I only quoted the most relevant excerpts. I invite everyone to read the whole article, as it is very illuminating.
#14989199
skinster wrote:My thinking is without flaws, shut up. :D

Sure.
Anyhow. My view is that whenever possible, life-altering decisions that delaying will not have an impact on the normal development of the child should be reserved until such time the "child" can participate in the decision making to a reasonable degree. Not fixing a malformation, be it a cleft palate or a deformed genital, unfortunately, is a time sensitive matter and I do think parents should make the decision on behalf of their children with the aid of medical professionals and perhaps with the aid of genetics (e.i. genetic sex of the child). This is not an easy decision and it is certainly not without consequences but more often than not, waiting is simply not the most reasonable approach.

Like I said before. I think it is very unethical for a parent to "choose" the opposite gender just for the sake of doing so.

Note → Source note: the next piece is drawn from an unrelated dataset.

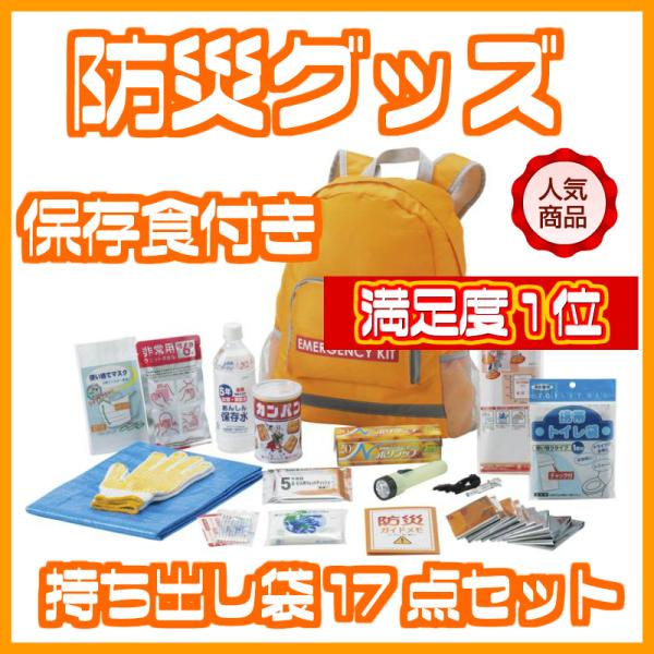 送料無料 防災グッズ 1人用 非常 持ち出し袋 緊急 防災 17点 セット 500A 8-500A 非常食 カンパン 保存水付 避難 災害

An adolescent child in their 10-17 years is the most trickier of all the situations. This is tricky because we have arbitrary set "18" in many western countries as the age of adulthood but we also conceptually understand that nothing happens at the 364th midnight of your 17th year that gives you special powers as an adult. We even have laws such as "romeo and juliet" law for consensual sex between teenagers.
Again, the issue in this age group is one of proper informed consent. And like I said before, I think in situations such as this, the most reasonable approach is a case-by-case multidisciplinary approach involving the teenager, the parents, doctors, psychiatrist/psychologist.
Yes, it is entirely possible that a 15 year old will "make the wrong decision" and have to live with such decision for the rest of his/her life (or perhaps have to reverse it if possible at some point) but this is not unlike anything else such as playing football (you could break your neck and die, or grind your brain into gelatin), not studying (failing to secure college and thus putting a hard cap on your earning potentials and quality of life) etc. Teenagers do life-altering decisions all the times, they should not be shielded from making these decisions just based on a number.
This does not mean either that I think they should be able to go on their own to a clinic and go ahead with major surgery on their own. This is also inappropriate.
#14989201
I doubt transitioning really helps people much, people who are that fixated on their sex and gender likely have deeper issues than what can be resolved by some vain indulgence like sex reassignment. But now that I think about it most people are idiotically fixated on their sex and gender identity, they just don't experience a conflict within themselves between the two. When you really consider all severe psycho-spiritual deficits and dysfunctions we suffer from as people if you're focusing on your gender identity you're just focusing on the wrong shit.